# Task goal
What is needed is an exact reproduction of the lines from the one that contains "- Tropical Coconut" through the end of the data, both included and nothing else, with pictures omitted.

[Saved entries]
···
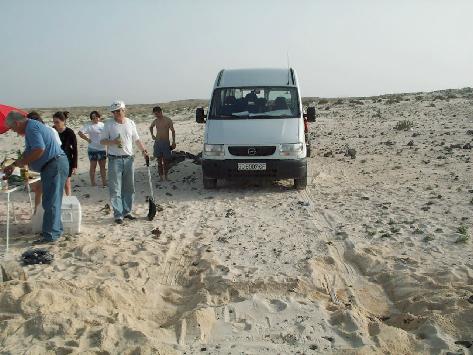 Wirklich spektakulär - rund sechs (!) einheimisch wirkende Personen mit einem Opel-Transporter sind in die Falle gegangen! Während die Frauen zum Strand gehen, bemühen sich die Männer nun schon seit gut einer Stunde, das Fahrzeug frei zu bekommen - natürlich vergeblich mit immer dem selben Ergebnis: Sie sitzen am Ende so tief fest wie nie ...
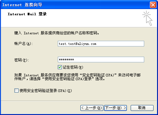 test01@aliyun.com); - “密码”:输入你的阿里云邮箱登录密码(如图 6 所示,输入框旁有 “记住密码” 选项,可根据需求勾选)。
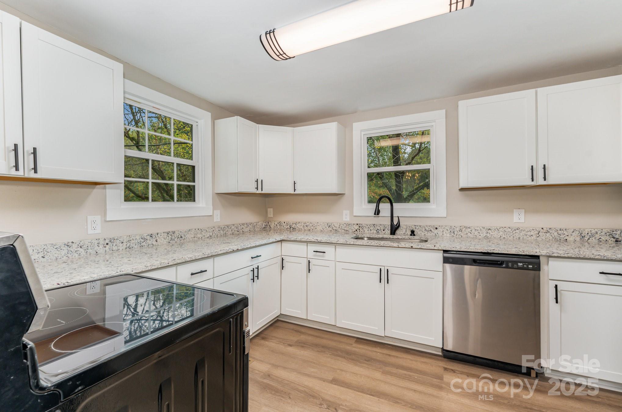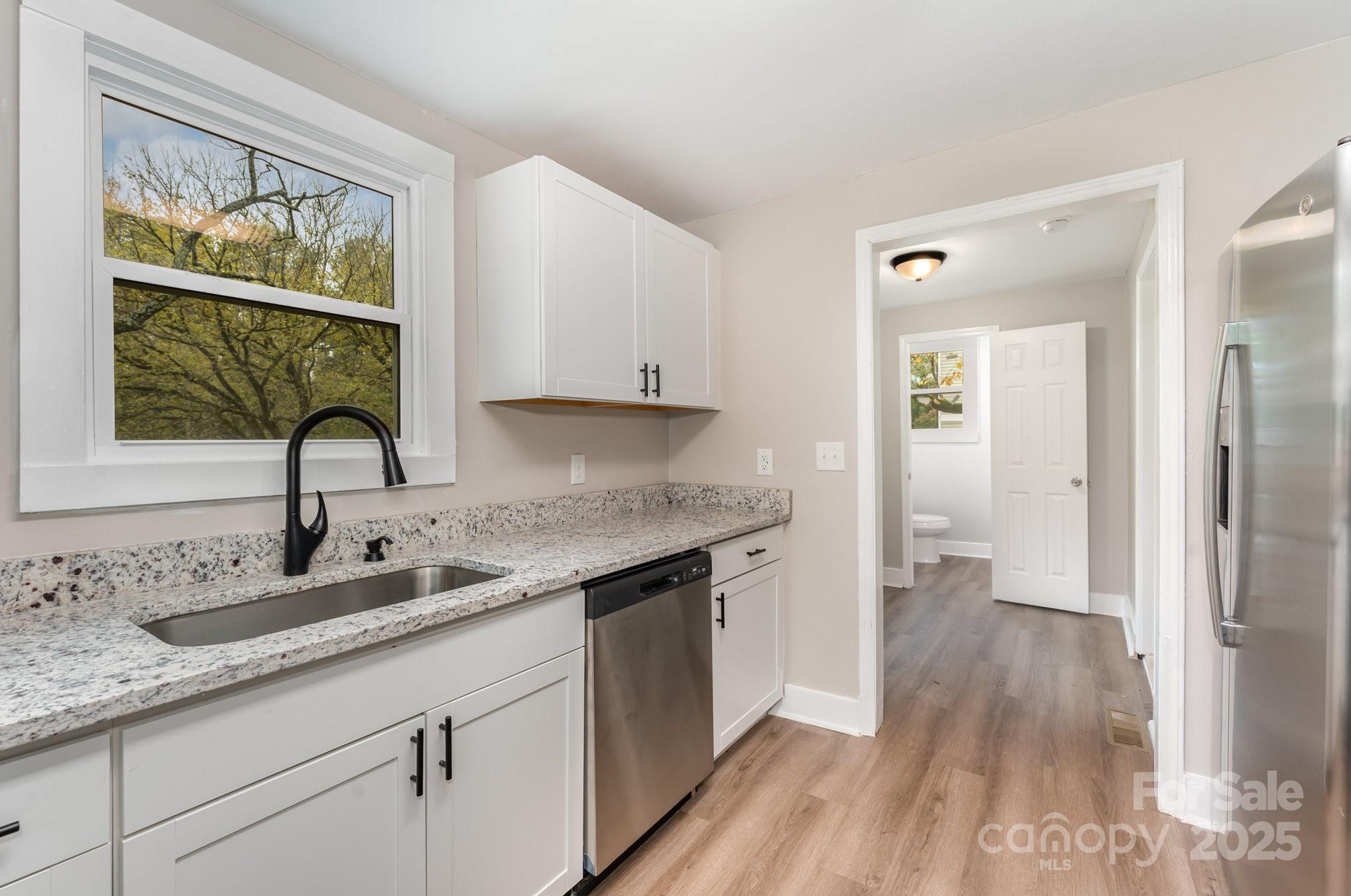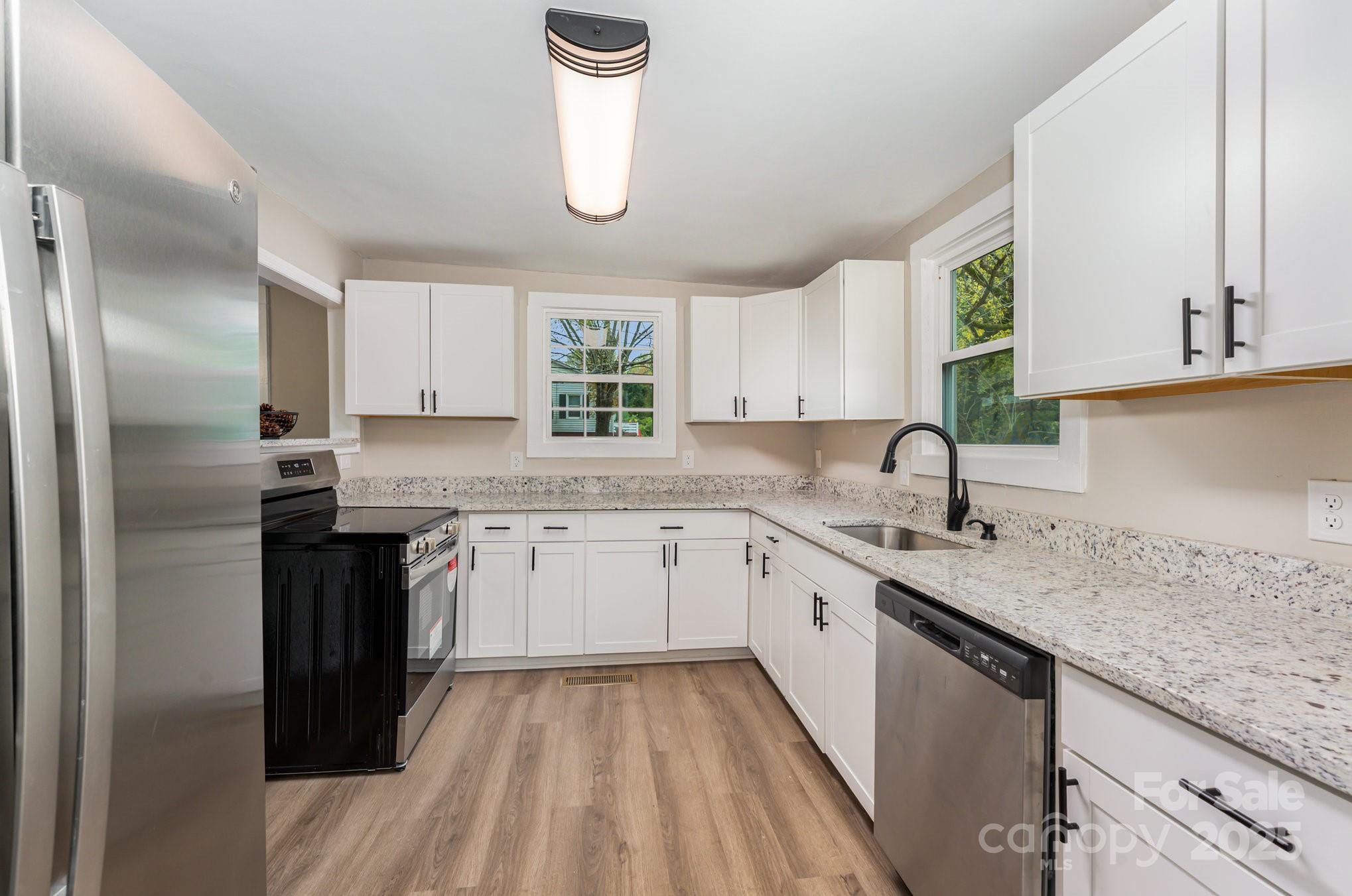 Welcome to fast growing Statesville! Enjoy affordable living all so close to everything that downtown and surrounding Statesville has to offer. On paper, you will appreciate NO HOA and a perfect investment or rental property! Come one, come all- whether this is your first home or last home, we got what you want! From the street, this home has been beautifully renovated to the 21st century, while keeping the old feel charm. Appreciate the 2024 year roof and HVAC system, the corner lot, the beautiful wrap around porch, walk out back deck, the concrete parking pad, the landscaping and mature trees, and the crawlspace with new vapor barrier. This inside features spaciousness along with lots of desirable natural lighting. Enjoy new fixtures, LVP and carpeted floors throughout. The kitchen features granite countertops, white cabinetry, and stainless steel appliances. Lastly, two bedrooms and two bathrooms along with the laundry downstairs, and an additional two bedrooms upstairs - make for the perfect layout for the perfect new buyer! Please note, upstairs sq ft is not included in the home sq ft due to ceiling height just below required limits. Upstairs is heated and cooled via split mini pack.
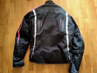 Chaqueta de moto con detalles en rosa y blanco. Diseñada para ofrecer comodidad y estilo. Talla L de adolescente. Sería tb talla S de mujer o así - Color principal: negro. - Detalles: rosa y blanco. - Sistema Air Flow.
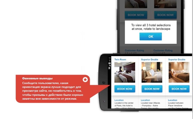 Сообщите пользователю, какая ориентация экрана лучше подходит для просмотра сайта, но позаботьтесь о том, чтобы призывы к действию были хорошо заметны вне зависимости от режима.
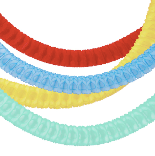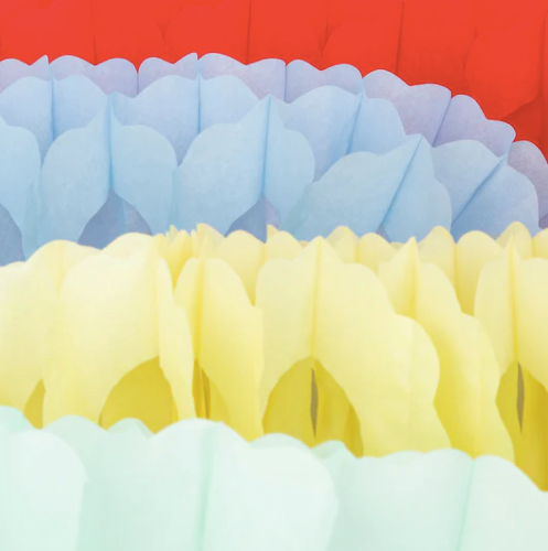 These sensational garlands will give a wonderful decorative effect to a party, or any room in the house. They are beautifully crafted in bright shades of red, yellow, blue and mint tissue paper, for a really fun look.
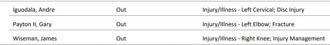 24直播网05月18日讯 ,勇士和独行侠进行训练,备战明天开打的西决首战。勇士在自己的训练馆进行训练,而独行侠则在大通中心进行训练。NBA官方伤病报告出炉,四名球员将缺席西决G1的比赛,独行侠一方缺席的是小哈达威,他已经因伤赛季报销,而勇士一方缺席的是伊戈达拉(颈椎伤病)、小佩顿(左肘骨折)和怀斯曼(右膝伤病)。波特已经从伤病名单上消失,他预计能在G1复出。
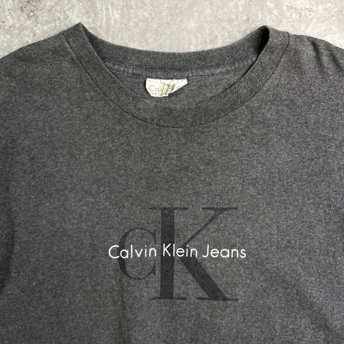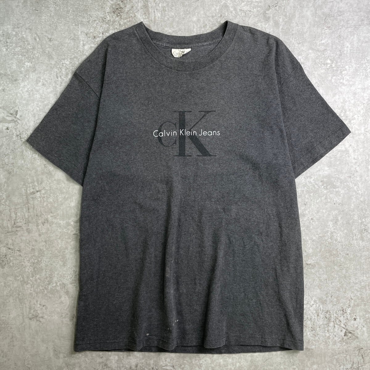 90年代 USA製 Calvin Klein カルバンクライン CK ロゴプリント Tシャツ メンズM 古着 90s ヴィンテージ VINTAGE 袖シングルステッチ フェードブラック【Tシャツ】ブラック【SS50】
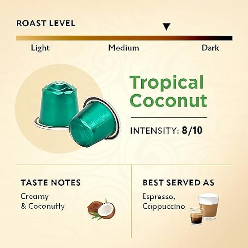 - Tropical Coconut Flavored Coffee Pods – Our expertly crafted Tropical Coconut Flavored coffee is curated with medium-dark roasted Arabica beans and coconut flavoring, creating a deliciously smooth, nutty and creamy tasting coffee that will whisk you away to a tropical paradise.
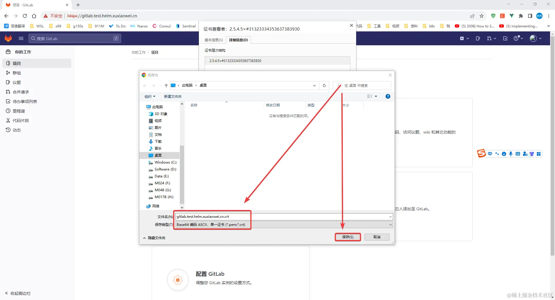 解决方案是使用颁发给域名 gitlab.test.helm.xuxiaowei.cn 的证书,可以使用自己的域名去各大云厂商免费申请,或者使用自己根据域名 gitlab.test.helm.xuxiaowei.cn 生成的证书
···
# Response area
 - Tropical Coconut Flavored Coffee Pods – Our expertly crafted Tropical Coconut Flavored coffee is curated with medium-dark roasted Arabica beans and coconut flavoring, creating a deliciously smooth, nutty and creamy tasting coffee that will whisk you away to a tropical paradise.
 解决方案是使用颁发给域名 gitlab.test.helm.xuxiaowei.cn 的证书,可以使用自己的域名去各大云厂商免费申请,或者使用自己根据域名 gitlab.test.helm.xuxiaowei.cn 生成的证书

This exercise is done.